A RBM is an undirected graphical model that defines the distribution of visible variables with binary hidden (latent) variables. In literature dealing with the improved GBRBM [39], the joint probability p(v,h) of real-valued visible units \(\boldsymbol {v} = [v_{1}, \cdots, v_{I}]^{T}, v_{i} \in \mathbb {R}\) and binary-valued hidden units h=[h 1,⋯,h J ]T,h j ∈{0,1} is defined as follows:

$$\begin{array}{@{}rcl@{}} p(\boldsymbol {v},\boldsymbol {h}) &=& \frac{1}{Z} e^{-E(\boldsymbol {v},\boldsymbol {h})} \end{array} $$
((1))
$$\begin{array}{@{}rcl@{}} E(\boldsymbol {v},\boldsymbol {h}) &=& \left\| \frac{\boldsymbol {v} - \boldsymbol {b} }{2 \boldsymbol {\sigma}} \right\|^{2} - {\boldsymbol {c}}^{T} \boldsymbol {h} - \left(\frac{\boldsymbol {v}}{\boldsymbol {\sigma}^{2}} \right)^{T} \boldsymbol{W} \boldsymbol {h} \end{array} $$
((2))
$$\begin{array}{@{}rcl@{}} Z &=& \sum_{\boldsymbol {v},\boldsymbol {h}} e^{-E(\boldsymbol {v},\boldsymbol {h})}, \end{array} $$
((3))

where ∥·∥2 denotes L2 norm. \(\boldsymbol {W} \in \mathbb {R}^{I \times J}\), \(\boldsymbol {\sigma } \in \mathbb {R}^{I \times 1}\), \(\boldsymbol {b} \in \mathbb {R}^{I \times 1}\), and \(\boldsymbol {c} \in \mathbb {R}^{J \times 1}\) are model parameters of the GBRBM, indicating the weight matrix between visible units and hidden units, the standard deviations associated with Gaussian visible units, a bias vector of the visible units, and a bias vector of hidden units, respectively.

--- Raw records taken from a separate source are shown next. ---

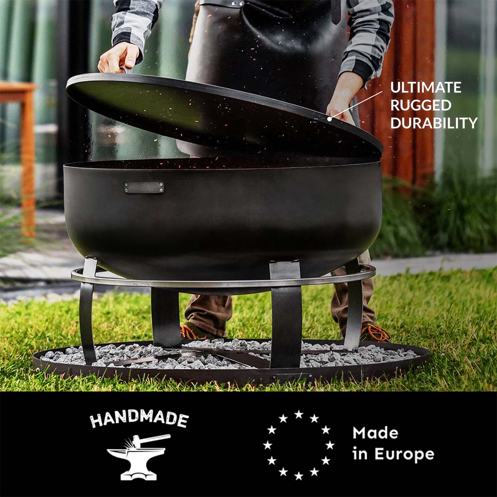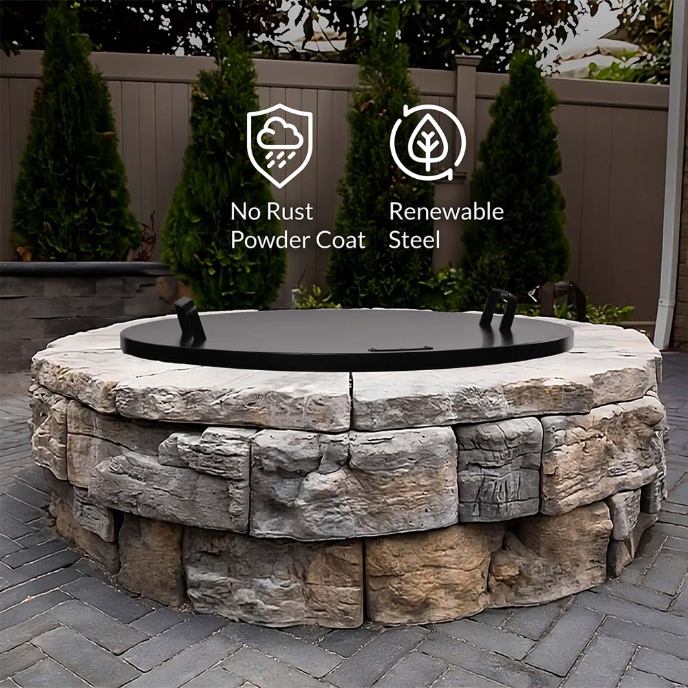 Enjoy endless memories gathered around the fire pit knowing the cover lid will outlast outdoor elements and strong winds. The sleek round metal fire pit cover features smooth edges to ensure safety and adds a touch of class that seamlessly complements the relaxed outdoor atmosphere. No assembly is needed. For safety, it's recommended to use gloves to protect your hands during transportation.
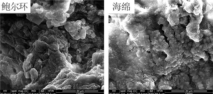 在第20天短程硝化稳定期,取出C组试验中投加的鲍尔环填料和海绵填料进行SEM分析,结果如图 5所示。
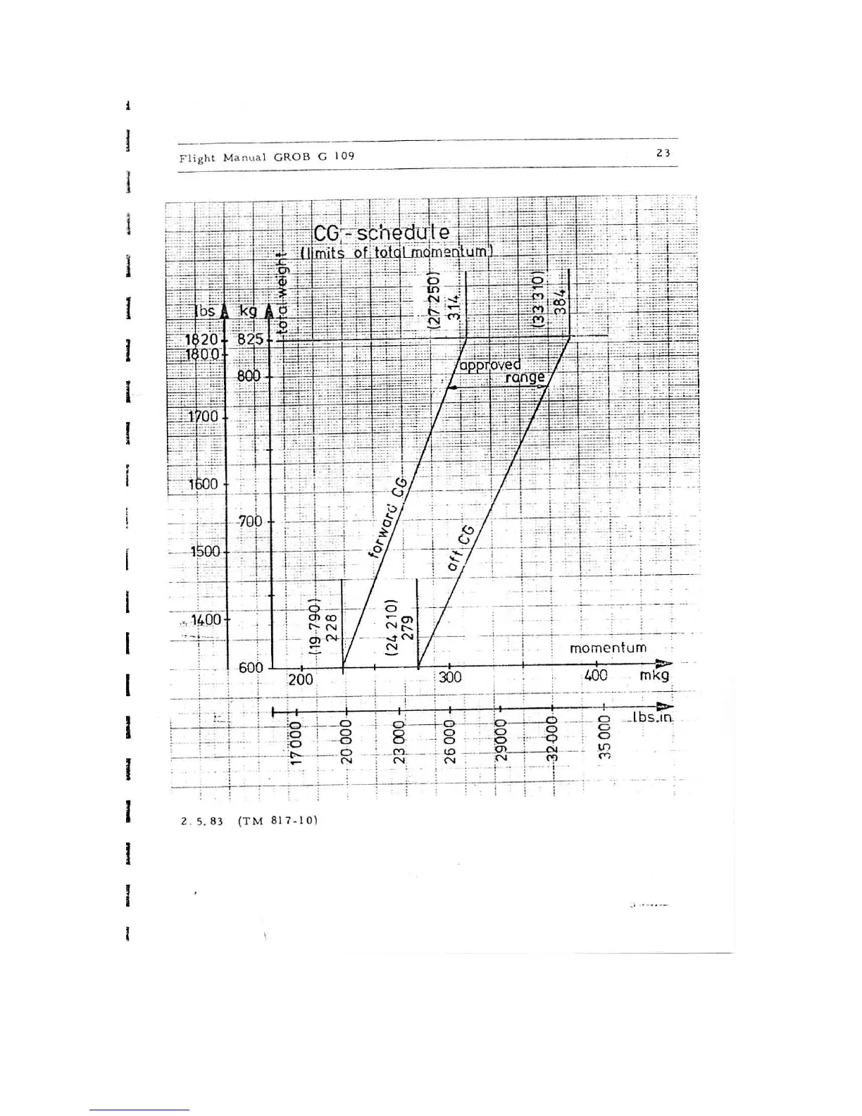 Grob G 109 - CG-Schedule (Limits of Total Momentum)
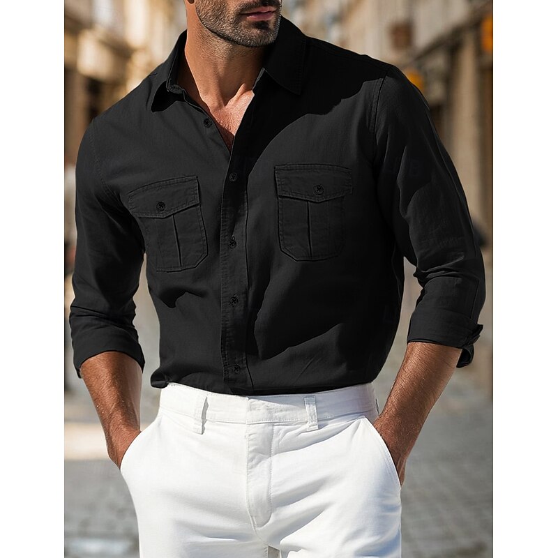 This versatile shirt boasts a classic point collar and long sleeves with buttoned cuffs, allowing for adaptable styling. The two front chest pockets with flap closures add both functionality and a touch of modern style. The solid color design serves as a canvas for effortless pairing with various bottoms, from jeans to tailored trousers.
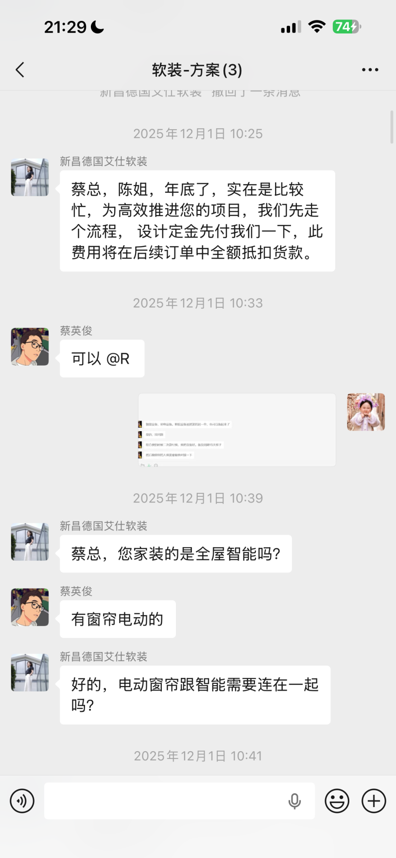 我們找了軟裝設(shè)計(jì)公司,老板也是想做我們這個(gè)單子纏著我許久,后面我們也是看她契而不舍,我們決定試試,她說是意向金要兩三萬出設(shè)計(jì)圖先,我們意思是意向就是意向,兩三千合理,出個(gè)設(shè)計(jì)圖看看先,后續(xù)抵扣貨款我們壓力也不太大。
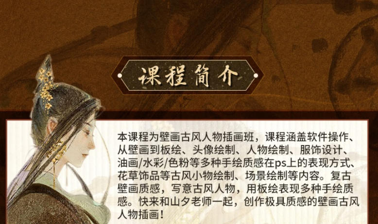 本课程为壁画古风人物插画班,课程涵盖软件操作、从壁画到板绘、头像绘制、人物绘制、服饰设计、油画/水彩/色粉等多种手绘质感在ps上的表现方式、花草饰品等古风小物绘制、场景绘制等内容。复古壁画质感,写意古风人物,用板绘表现多种手绘质感。快来和山夕老师一起,创作极具质感的壁画古风人物插画!
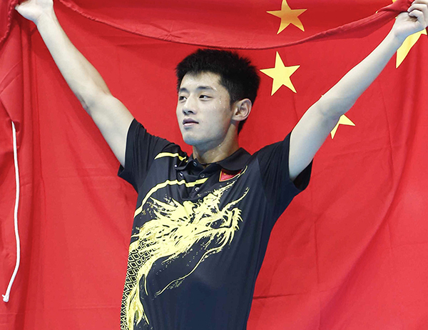 2012年伦敦奥运会,张继科身披国旗庆祝。 本文图均为 视觉中国 资料图
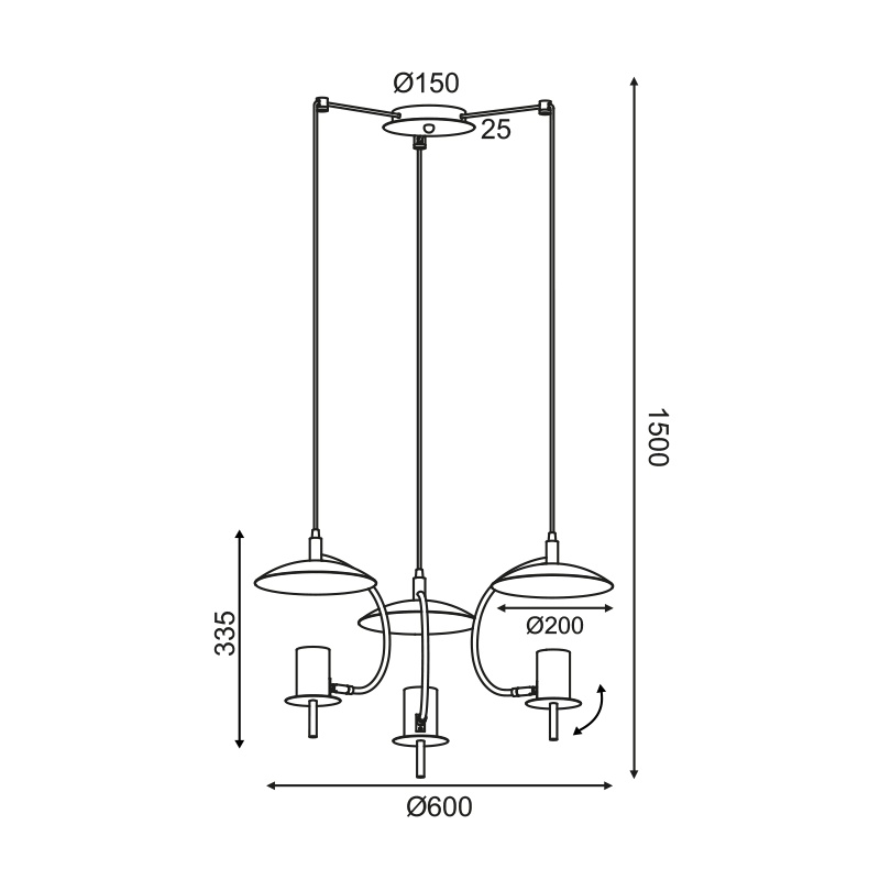 Τρίφωτο κρεμαστό μεταλλικό φωτιστικό σε μαύρο χρώμα.

The fraction bar in Equation 2 denotes the element-wise division.

Because there are no connections between visible units or between hidden units, the conditional probabilities p(h|v) and p(v|h) form simple equations as follows:

$$\begin{array}{@{}rcl@{}} p(h_{j}=1|\boldsymbol {v}) &=& \mathcal{S} \left(c_{j} + \left(\frac{\boldsymbol {v}}{\boldsymbol {\sigma}^{2}}\right)^{T} \boldsymbol{W}_{:j} \right) \end{array} $$
((4))
$$\begin{array}{@{}rcl@{}} p(v_{i}=v|\boldsymbol {h}) &=& \mathcal{N} \left(v \ | \ b_{i} + \boldsymbol{W}_{i:} \boldsymbol {h}, {\sigma_{i}^{2}} \right), \end{array} $$
((5))

where W :j and W i: denote the jth column vector and the ith row vector, respectively. \(\mathcal {S}(\cdot)\) and \(\mathcal {N}(\cdot | \mu, \sigma ^{2})\) indicate an element-wise sigmoid function and Gaussian probability density function with the mean μ and variance σ 2, respectively.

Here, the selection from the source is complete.